The Court agrees with Defendant that Plaintiff has not properly filed a complaint that contains a short statement of facts to show that she is entitled to relief. While pro se pleadings are liberally construed, a Plaintiff's pro se status does not excuse the obligation of any litigant to comply with the fundamental requirements of the Federal Rules of Civil Procedure. See Ogden v. San Juan Cty, 32 F.3d 452, 455 (10th Cir. 1994). Additionally, Plaintiff's document entitled "Information Related to Filing Suit Under the Laws Enforced by the EEOC" specifically states that a litigant must file a complaint containing a short statement of the facts of the case to show entitlement to relief.

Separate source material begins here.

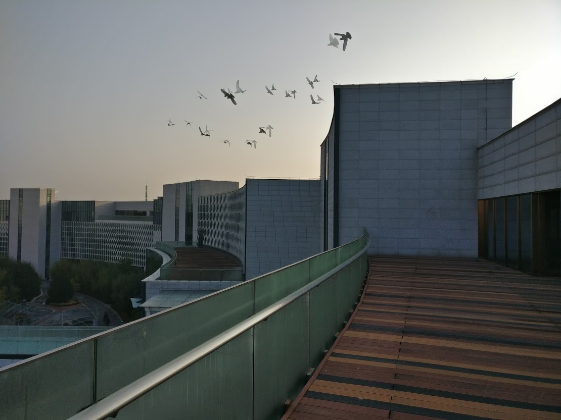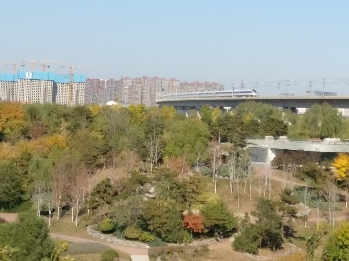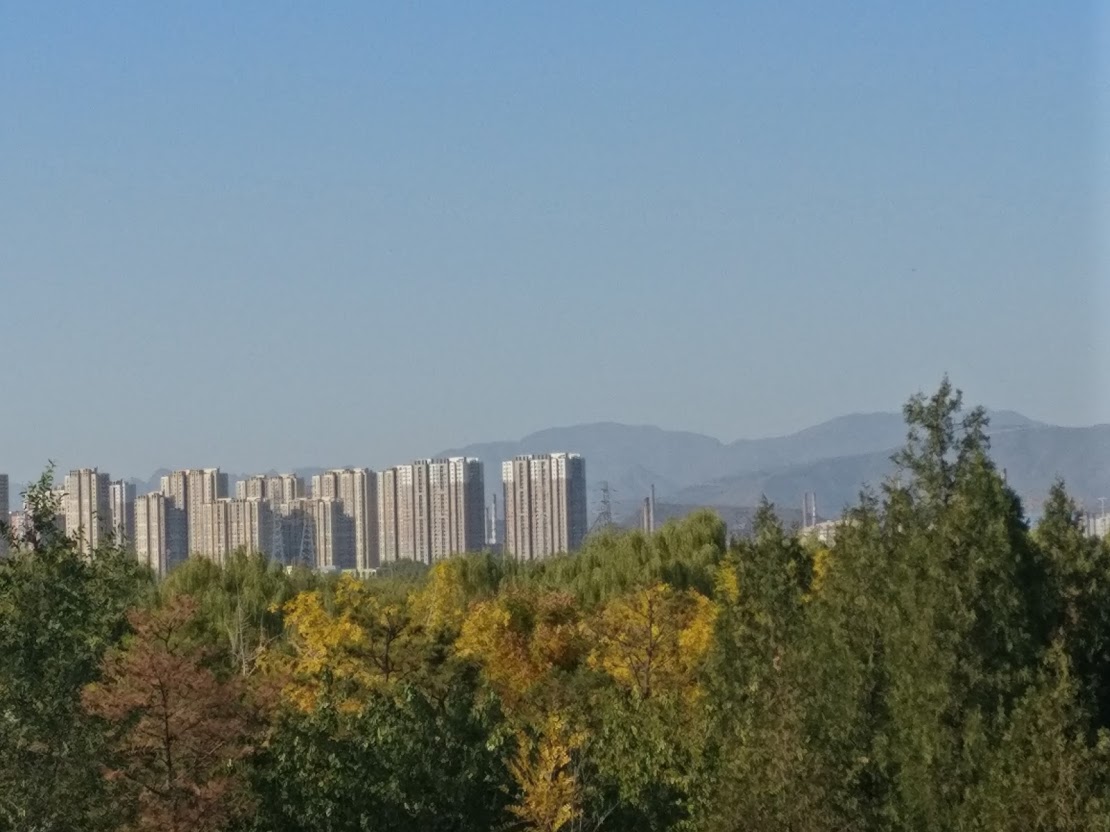 On we wandered, into a Garden Valley built over an old landfill site, past some fish and lily ponds to a viewing platform high above. The approach was by a ramp so wide and long it was like walking into the sky. From there we looked out over Beijing. The city has a few skyscrapers, a CBD cluster, and lots and lots and lots of high-rise apartment blocks. It was a fine day with only a slight haze, and we noticed a zigzag line across the distant hills. The Great Wall!

Finally, this Court's Order to Show Cause explained this requirement to Plaintiff and gave Plaintiff ample time to submit a complaint or show cause as to why she is unable to do so. Plaintiff has failed to file any pleadings in this case. Therefore, the Court finds that Plaintiff has not properly filed a complaint and Defendant's Motion to Dismiss should be granted. Alternatively, the Court additionally finds that the allegations contained in Plaintiff's Charge of Discrimination are insufficient to nudge her claim from merely possible to plausible.
Accordingly, the Court finds that Defendant's Motion to Dismiss is well taken, and therefore GRANTED.